**** Task inputs
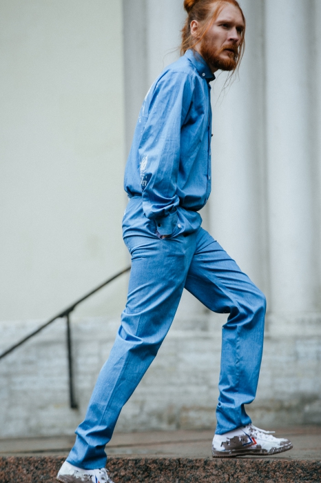 Лаконичная мужская коллекция молодого дизайнера Артема Шумова, показанная на Aurora Fashion Week, включает в себя базовый городской гардероб: сюда органично вписались плащи-халаты, широкие шорты на манер боксерских и пальто со следами от краски. Треники и свитшоты Шумов перевел в ранг вечерних, снабдив их жемчугом. Маст-хэв коллекции — кашемировые двусторонние плащи — подойдет как мужчинам, так и девушкам.
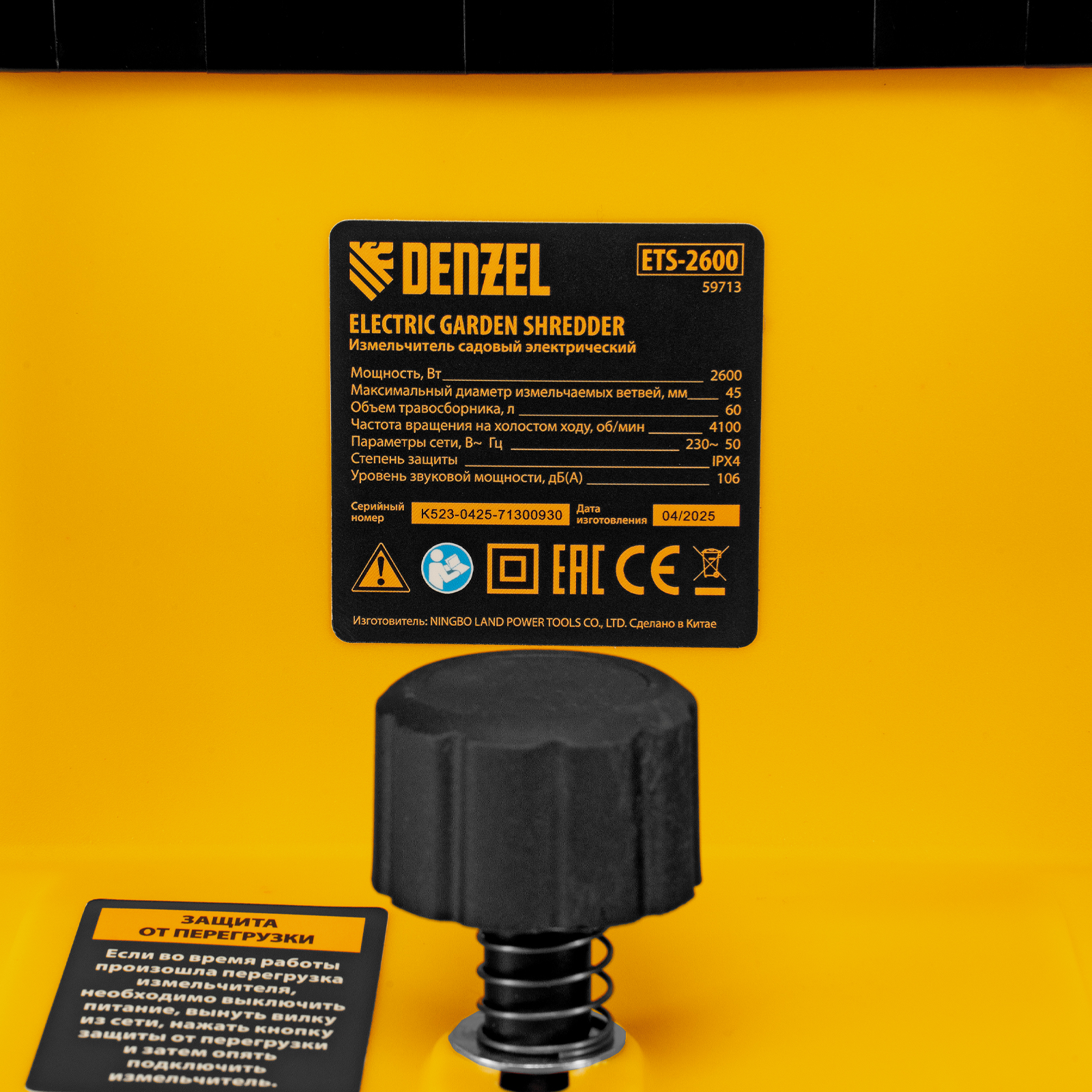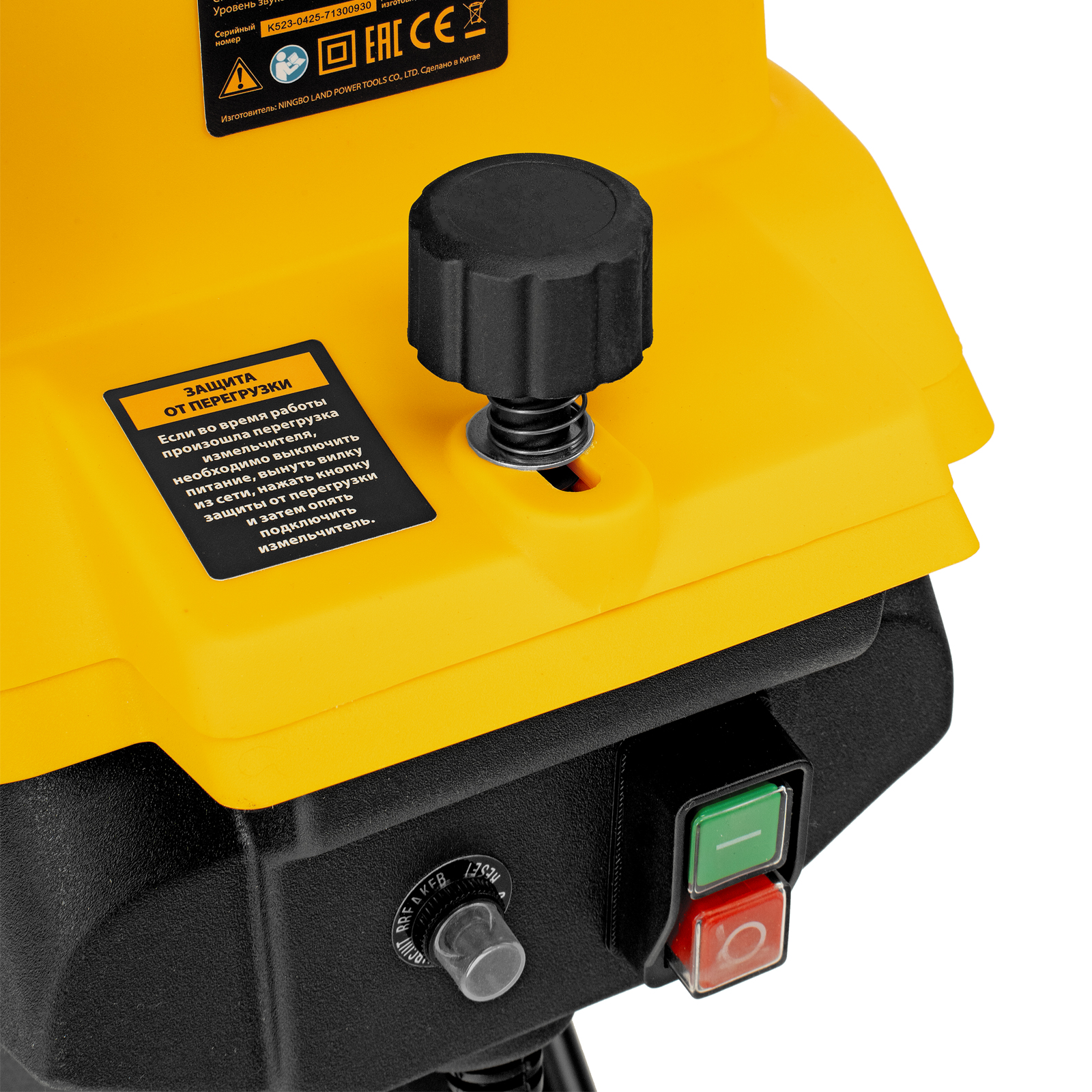 - Защита двигателя — в случае перегрузки срабатывает предохранитель и измельчитель отключается для предотвращения поломки.
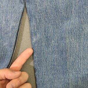 Wear on leg hems, light spots on front and back of jeans as shown in photos.
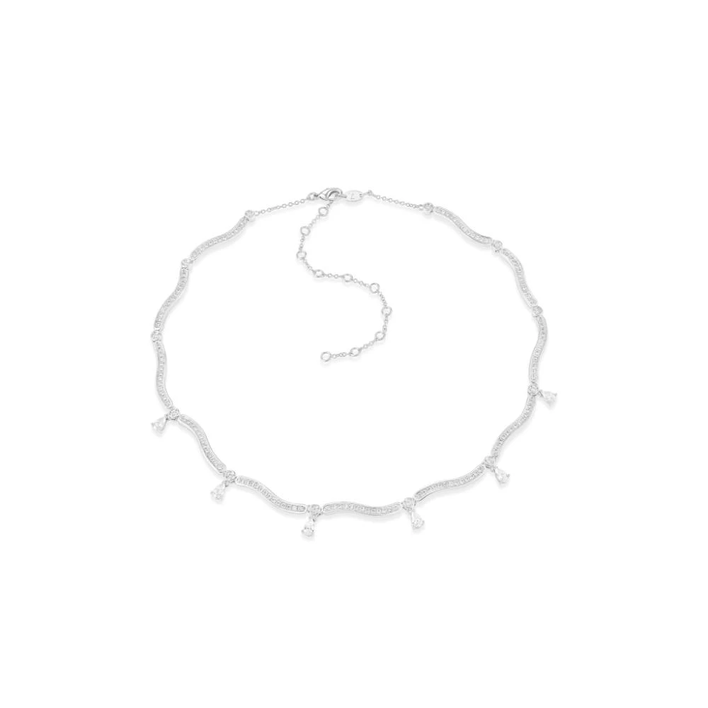 Rhodium plated brass, Width: 3cm, Size: 39cm +10cm, Hand Polished
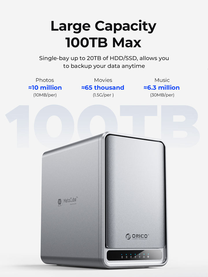 ORICO Serveur NAS personnel 2/5 baies Stockage en nuage Sauvegarde de données Partage de fichiers Accès à distance Stockage en réseau pour bureau à domicile
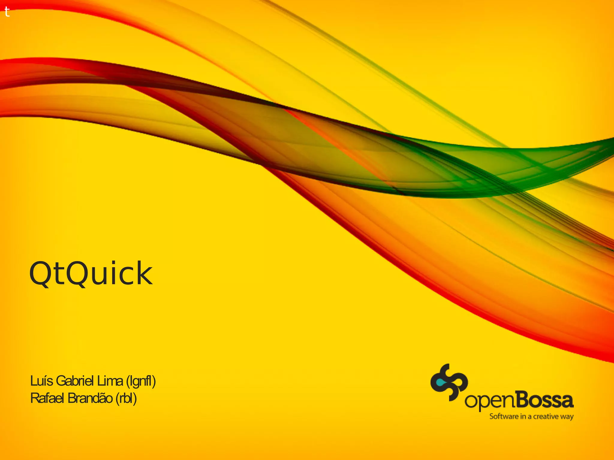 O documento apresenta uma introdução ao framework Qt e à linguagem QtQuick. Resume os principais pontos sobre o que é o Qt, sua arquitetura, o que é o QtQuick, como funciona a linguagem QML e considerações finais sobre recursos adicionais.
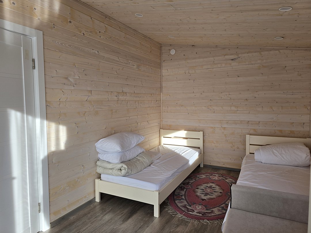 Две односпальные кровати, одна диван-кровать, одно раскладное креслоВ коттедже
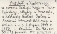 Protokół z Konferencji w sprawie Geologii Regionu Podhalańskiego, odbytej w Krakowie, w Zakładzie Geologii Ogólnej I Akademii Górniczo-Hutniczej w dniach 2 i 3 listopada 1949 r. 1950
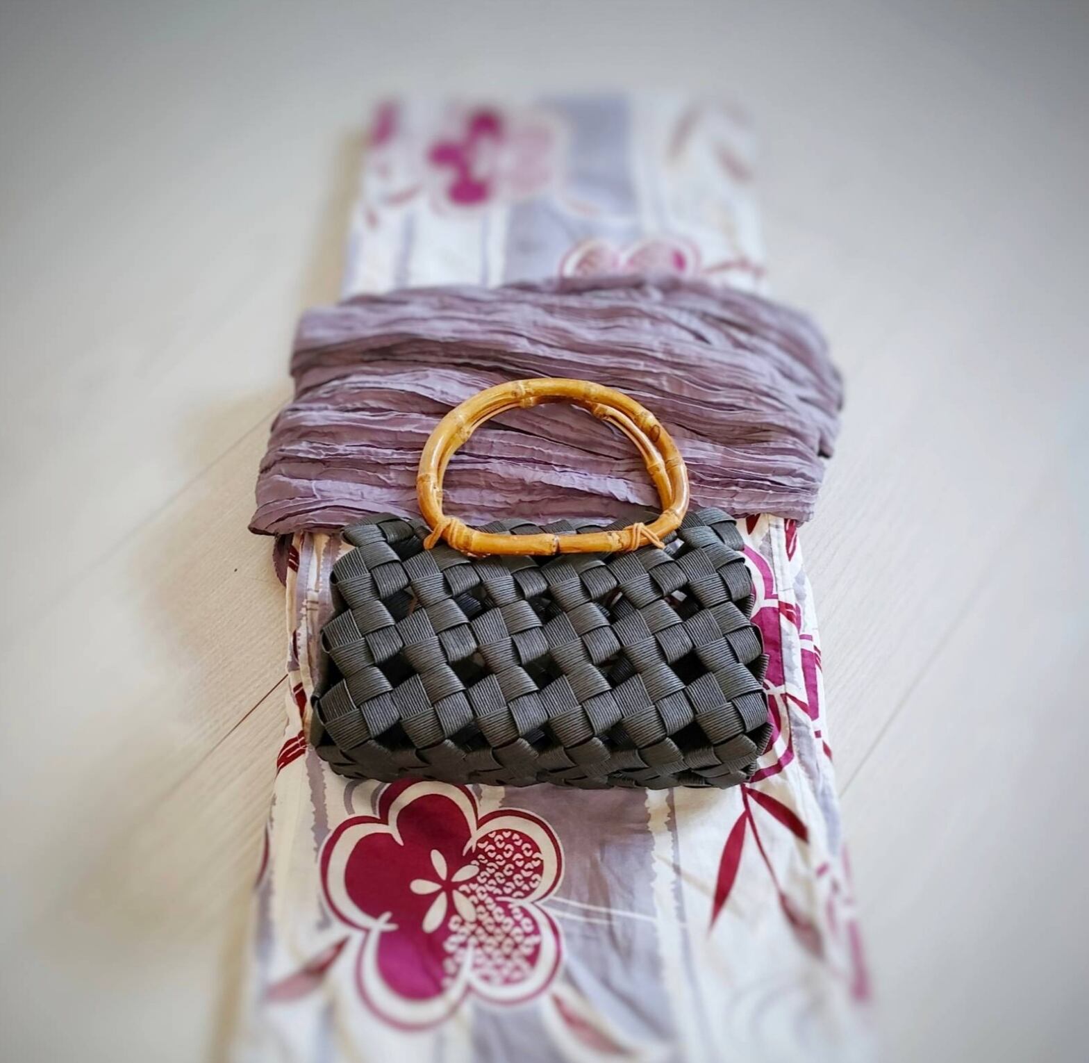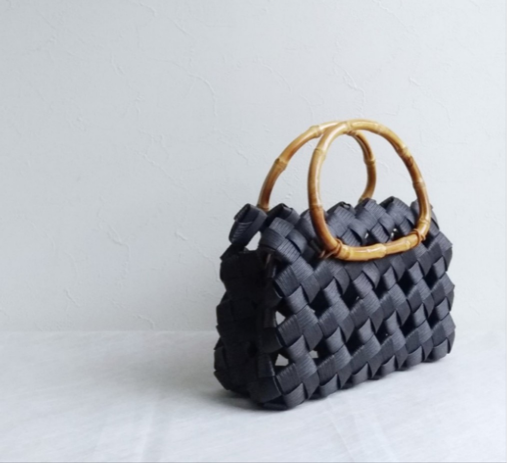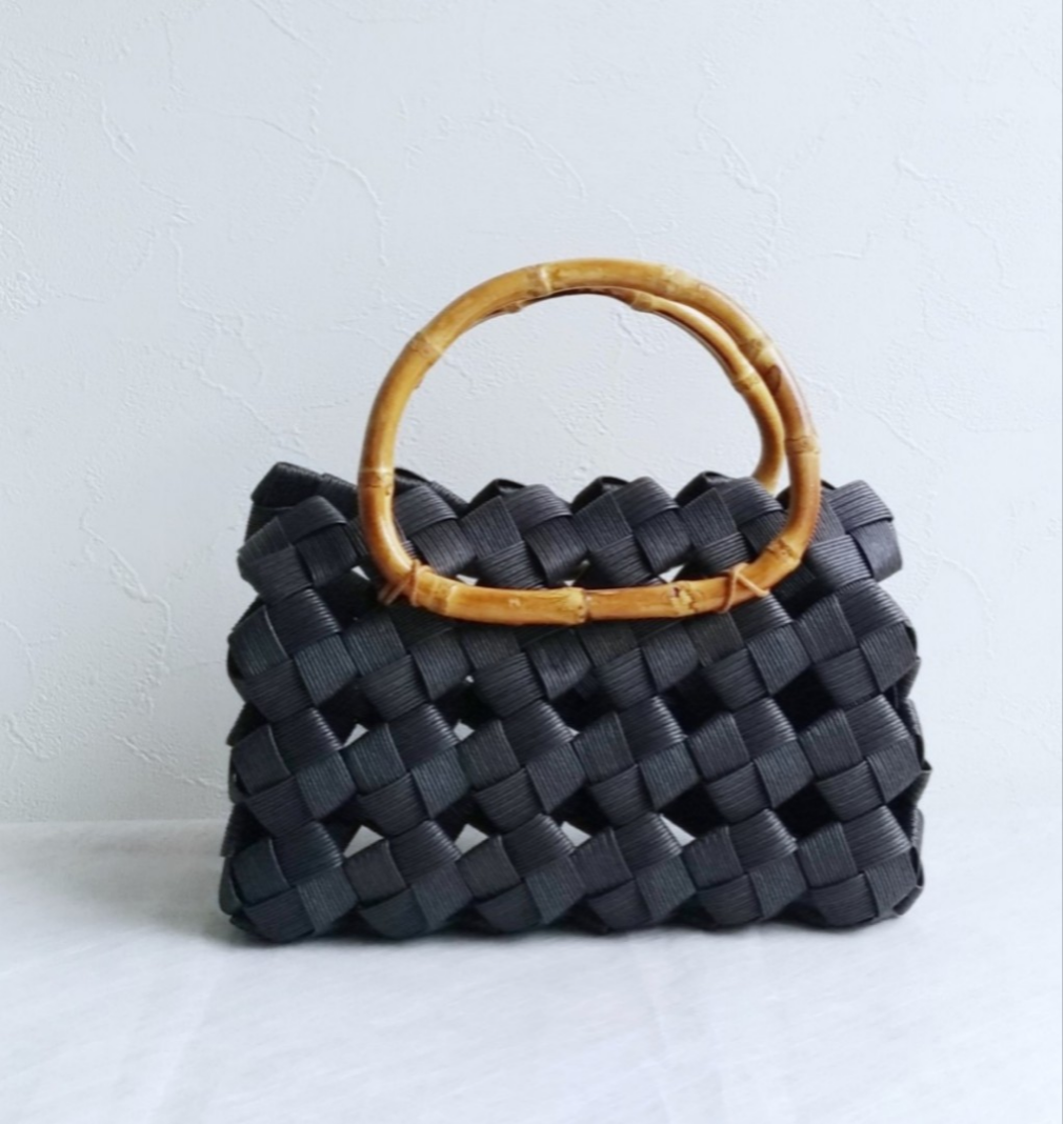 【全9色】夏 涼やか 大人カゴバッグ S 黒 black 竹ハンドル 浴衣にも素敵なかばん
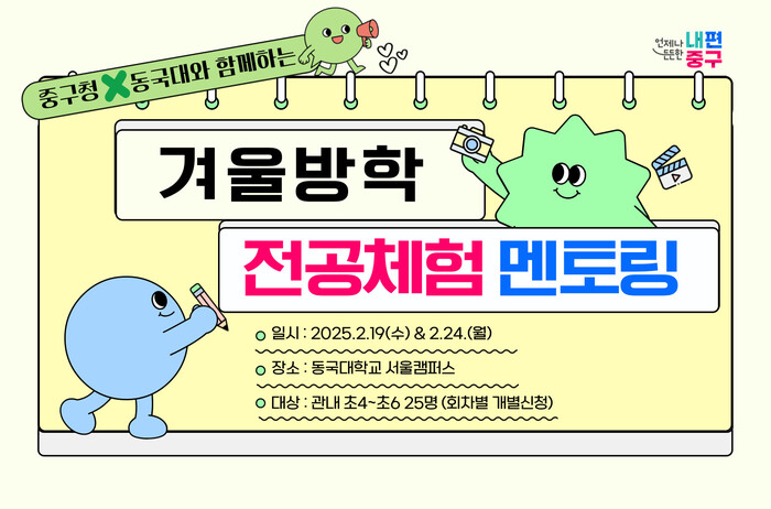[시민일보 = 여영준 기자] 중구가 겨울방학 중인 초등학생들을 위해 동국대학교와 함께 ‘원데이 전공 체험 멘토링’을 진행한다.
********
What to work on -
Print the data above exactly, from its first line to the line bearing "Rhodium plated brass, Width: 3cm, Size: 39cm" inclusive, and keep pictures out of the result.

Your response -
 Лаконичная мужская коллекция молодого дизайнера Артема Шумова, показанная на Aurora Fashion Week, включает в себя базовый городской гардероб: сюда органично вписались плащи-халаты, широкие шорты на манер боксерских и пальто со следами от краски. Треники и свитшоты Шумов перевел в ранг вечерних, снабдив их жемчугом. Маст-хэв коллекции — кашемировые двусторонние плащи — подойдет как мужчинам, так и девушкам.
 - Защита двигателя — в случае перегрузки срабатывает предохранитель и измельчитель отключается для предотвращения поломки.
 Wear on leg hems, light spots on front and back of jeans as shown in photos.
 Rhodium plated brass, Width: 3cm, Size: 39cm +10cm, Hand Polished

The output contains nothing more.